20. On whether the Petitioner was entitled to the reliefs sought, it was submitted that the Respondent failed to tender evidence in support of the Respondent’s case and therefore the Petitioner’s case remained unchallenged and that answers in cross examination could not lay a basis for the Respondent’s case and therefore the Petitioner’s claim was uncontroverted.

21. The Petitioner further submitted that a constitutional court is concerned to uphold or vindicate the constitutional rights contravened and where the person wronged suffered damage, the court should award him damages to vindicate the constitutional right and depending on the circumstances of the case. That a party whose constitutional rights were found to have been violated was entitled to a compensation of damages, the quantum of which was in the discretion of the court.

22. For the torture and unlawful incarceration, the Petitioner submitted that he was entitled to general damages for violation of his constitutional rights to the tune of KShs.6, 500,000/-. He relied on Harun Thungu Wakaba Vs The Attorney General Misc App No. 1411 of 2004andRhumba Kinuthia VS Attorney General H.C Misc. Application No. 1408 of 2004.

Respondent’s submissions

23. Mr. Kirui, learned counsel for the Respondent submitted that they had a challenge to get officers who were involved then to file a Replying Affidavit as it was a long time ago. It was further submitted that there had been an inordinate delay in filing the Petition as the violation happened in the year 1992 which was over 20 years ago. It was submitted that a delay of more than 10 years was not justified as the government regime that purportedly carried out the illegal acts had left office in the year 2002 a whole 11 years before the Petition was filed.  He prayed that the Petition be dismissed.

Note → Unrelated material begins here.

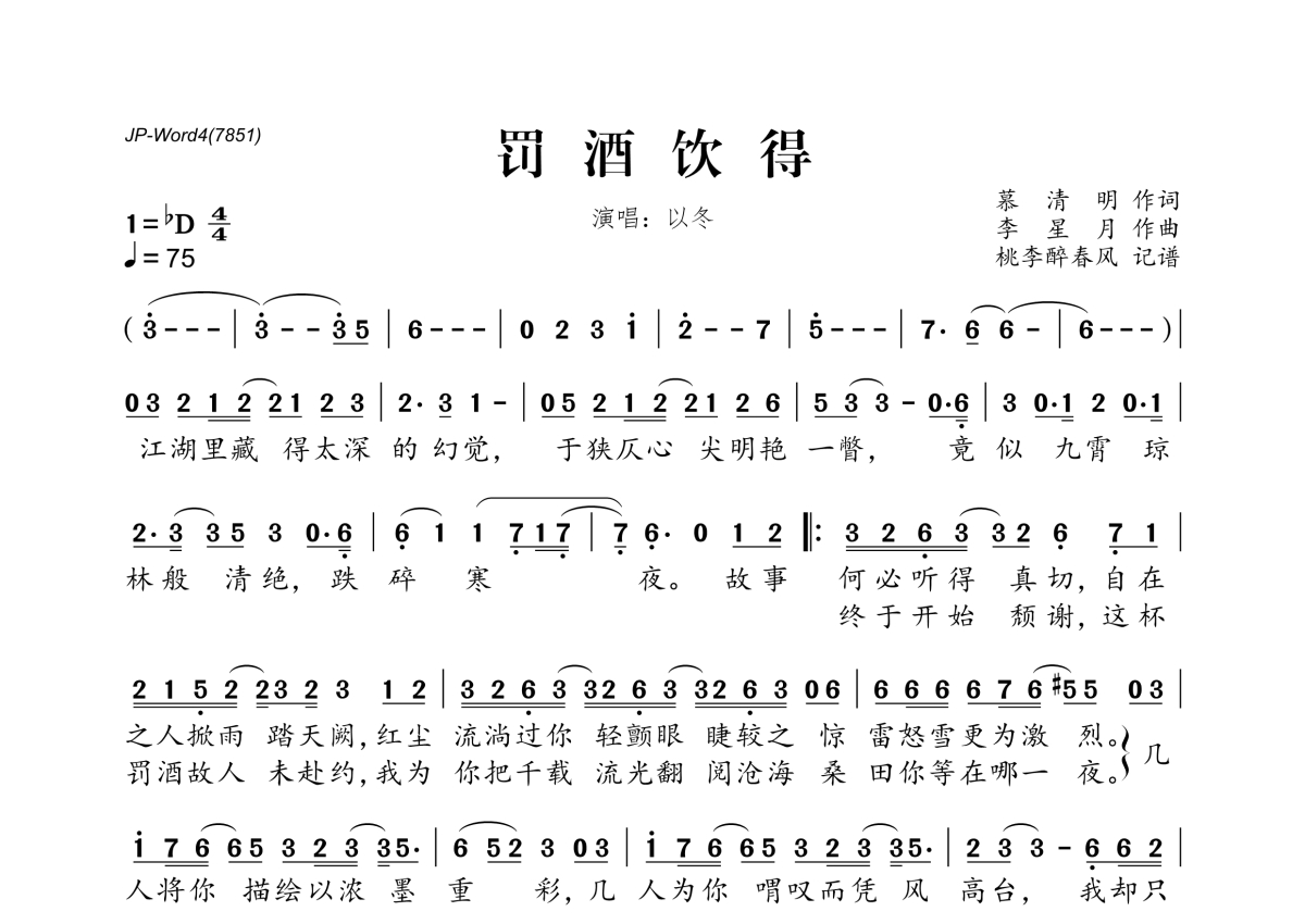 《罚酒饮得》是以冬演唱的一首歌曲,拍号为4/4拍,歌曲速度为每分钟75拍,这份简谱共有一张高清图谱,图谱由 @桃李醉春风 编配上传。

24. Counsel submitted that the Petition as drawn was vague and unsupported by evidence as the Petitioner had failed to produce any evidence of the month or day he was arrested such as the occurance book report or number, the criminal charges preferred by way of a charge sheet or court proceedings, or any medical evidence on the torture he suffered and that the Petition was a fishing expedition. It was further submitted that a party claiming torture must corroborate and provide substantial evidence in support of its claim. Reliance was placed on the case Kirugui & another Vs Kabiya and 3 others [1978] KLR 347.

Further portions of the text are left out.